La biodiversité joue également un rôle dans l’industrie pharmaceutique et par conséquent la santé humaine. En effet, certaines molécules fournies par les espèces végétales ou animales sont utilisées pour la fabrication des médicaments. On estime que près de la moitié des médicaments utilisés (40%) sont issus d’une matière active naturelle extraite du vivant (dans les deux tiers des cas d’une plante).

La nature est détentrice de nombreux médicaments potentiels qui disparaissent en même temps qu’elle. Sur 18 000 substances provenant d’organismes marins, 15 % ont permis l’isolement de nouvelles molécules actives. À ce jour, la composition chimique de 1 % seulement des espèces marines répertoriées a été analysée. L’AZT, dérivé synthétique utilisé contre le virus du SIDA, provient de molécules sécrétées par une éponge des coraux des Caraïbes, aujourd’hui en danger. 

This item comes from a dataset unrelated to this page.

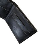 Espaço para 4 cartões (com possibilidade de acumular mais em um mesmo espaço), 2 compartimentos velados para cartões de visitas, 1 espaço estendido para dinheiro e documentos de identidade.

Nous pourrons citer par exemple le rôle du Thym qui fournit le thymol utilisé comme antifongique, la Menthe qui fournit le menthol utilisé comme vasodilatateur, la Colchique fournissant la colchicine utilisée comme agent anti-tumoral ou encore l’If qui fournit le taxol utilisé dans le traitement de certains cancers. 

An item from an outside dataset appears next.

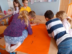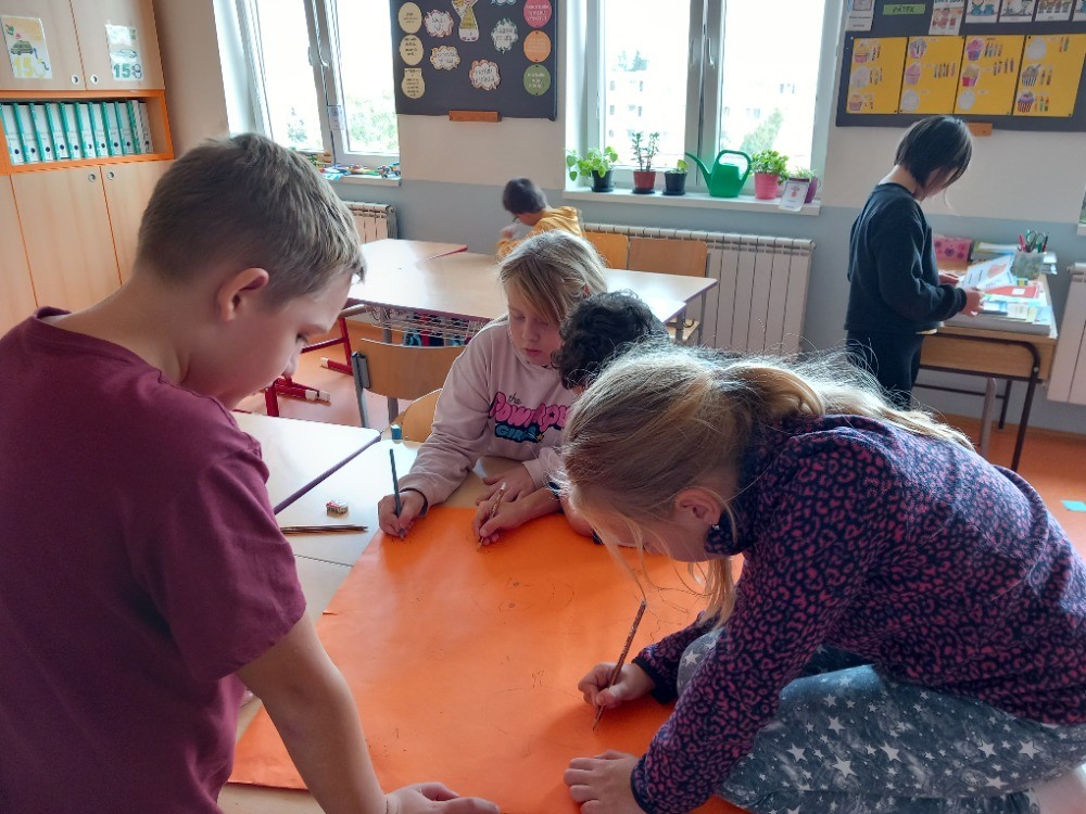 Na dva oranžové plakátové kartony pak malujeme strom a zříceninu hradu Brníčko. Halloweenský

Toutes ces espèces sont pour l’instant courantes et exploitées de manière intensive, une surexploitation pourrait entraîner leur raréfaction – et par conséquent des conséquences non négligeables sur la santé humaine.

 

Qu’est-ce que l'écosystème ?

L'écosystème est l'ensemble qui regroupe, d'une part, la communauté des vivants, appelée "biocénose" (animaux, plantes, micro-organismes) et, d'autre part, l'environnement géologique, "pédologique" (relatif à l'étude des sols, de leur formation et de leur évolution) et atmosphérique, autrement-dit le biotope (climat, roches, relief...). Fonctionnant selon un équilibre précis, l'écosystème peut être perturbé si l'une de ses composantes varie. L'ensemble des espèces animales d'un écosystème déterminé constitue la faune. Quant à la flore, elle englobe toutes les espèces végétales peuplant un écosystème donné.

 

Manger et être mangé

Au sein des écosystèmes, les espèces sont organisées en chaînes alimentaires. Dans ces chaînes, chacune des espèces des niveaux supérieurs dépend des espèces des niveaux inférieurs. Les niveaux inférieurs apportent aux niveaux supérieurs énergie et éléments chimiques nécessaires à leur développement. Compte tenu de cette interdépendance, il est important que la biodiversité soit assurée pour préserver l’équilibre des chaînes alimentaires et, par conséquent, de l’écosystème.

Par exemple, la biodiversité joue un rôle primordial dans la survie de nombreuses espèces de plantes. Certaines variétés ne peuvent se reproduire que par l’intervention d’une espèce bien précise d’insectes, qui assure la pollinisation. La disparition de l’insecte en question entraîne la disparition de cette espèce végétale et le bouleversement de la chaîne alimentaire.